Giovanni del Virgilio

Giovanni del Virgilio

Enciclopedia Dantesca (1970)
di Guido Martellotti

Giovanni del Virgilio. - Nacque a Bologna prima del 1300 da famiglia probabilmente di origine padovana; il padre si chiamava Antonio; l'appellativo ‛ del Virgilio ' sembra essere un soprannome, che egli si meritò come commentatore o comunque ammiratore del poeta latino (" Iohannes quondam magistri Antonii, qui dicitur de Virgilio " è chiamato in un documento, e " vocalis verna Maronis "si dice egli stesso nell'epistola a D.; cfr. Eg 136); non lo aveva ancora quando compose il Diaffonus, corrispondenza poetica con un ser Nuzio marchigiano.
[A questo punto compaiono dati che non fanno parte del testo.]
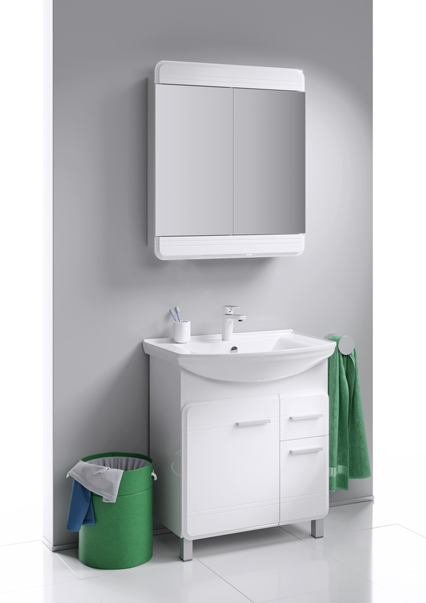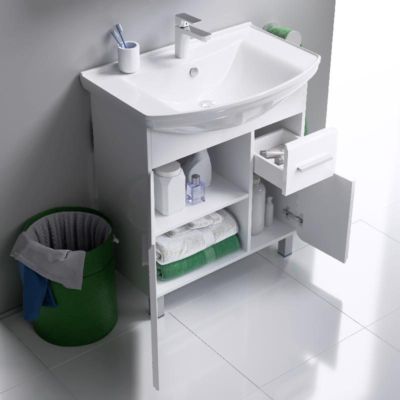 - Напольная тумба с двумя дверьми и одним ящиком с умывальником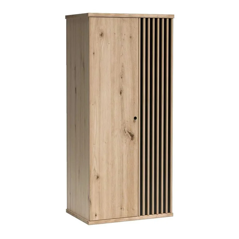 Еднокрилен гардероб с вертикални декоративни ламели по вратата – впечатлява с изчистен дизайн и естествена визия, серия Cali.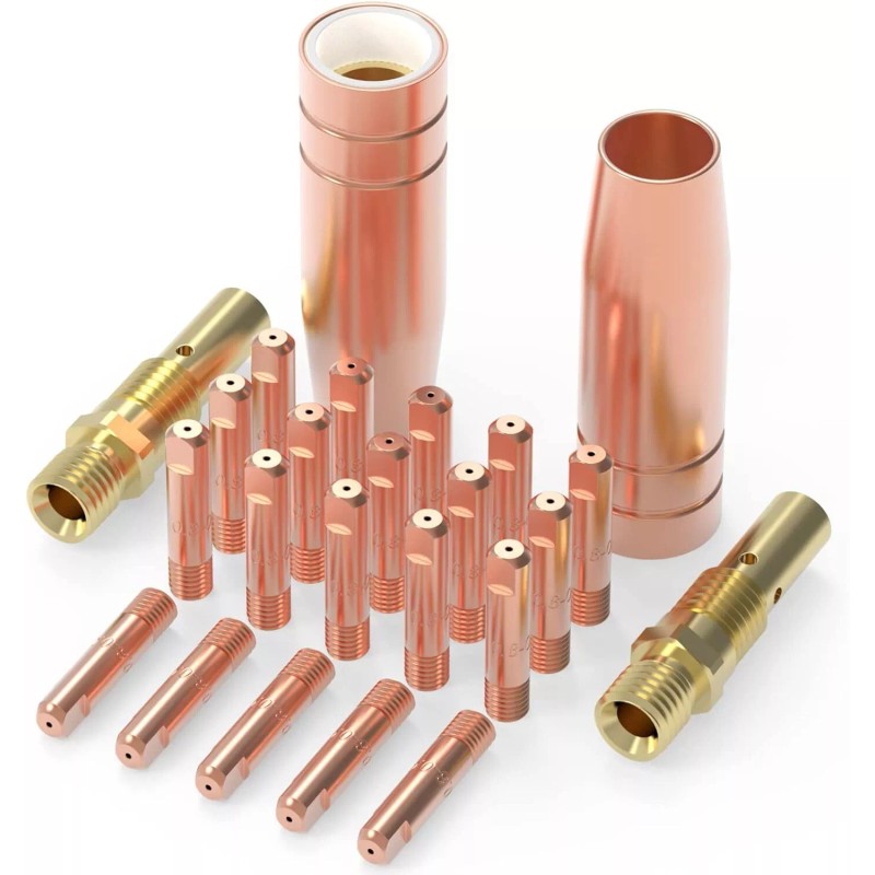 - 2-pcs gas nozzles 21-50 (1/2"), 20-pcs contact tips 11-30 (0.030") and 2-pcs gas diffusers 35-50.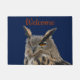 ¡Una fotografía de un hermoso búho adorna este felpudo de bienvenida! Personalizar cambiando el color de fondo o el texto para que se adapte a ti mismo!

Nel novembre 1321, a richiesta degli studenti, ebbe incarico dal comune di Bologna di tenere corsi sui grandi autori (Virgilio, Stazio, Lucano, Ovidio); forse insegnava già da prima senza pubblico stipendio. Continuò a insegnare fino al 1323; sappiamo che il comune ritardò il pagamento dello stipendio dovutogli per quell'anno (egli stesso se ne lagna nell'egloga al Mussato: v. 146), e che nell'aprile fu assalito e ferito da un tale Banduccino di Banduccio Bergognoni da Lucca. Sembra che di ciò abbia avuto soddisfazione dal comune, non però nella misura che avrebbe desiderato. Forse in seguito a questi fatti si trasferì a Cesena, dov'era certamente nel novembre 1324 e nel febbraio-marzo 1325, quando ebbe finalmente lo stipendio dovutogli dal comune di Bologna. Tra il 1324 e l'estate del 1325 cade la composizione dell'egloga ad A. Mussato che, accresciuta di una specie di poscritto, fu inviata al destinatario solo nel 1327. Un documento del marzo 1326 attesta una sua presenza a Bologna, ma nulla autorizza a ritenere che egli sia ritornato definitivamente in quella città e vi abbia ripreso l'insegnamento. Non abbiamo notizie posteriori al 1327. Si è creduto di poter identificare un suo figlio in un " Virgilius Iohannis Virgilii ", immatricolato notaio in Bologna nel 1327 (e più tardi in un " Bartholomaeus de Mestre filius quondam Iohannis de Virgilio ", vivente a Venezia nel 1374-75).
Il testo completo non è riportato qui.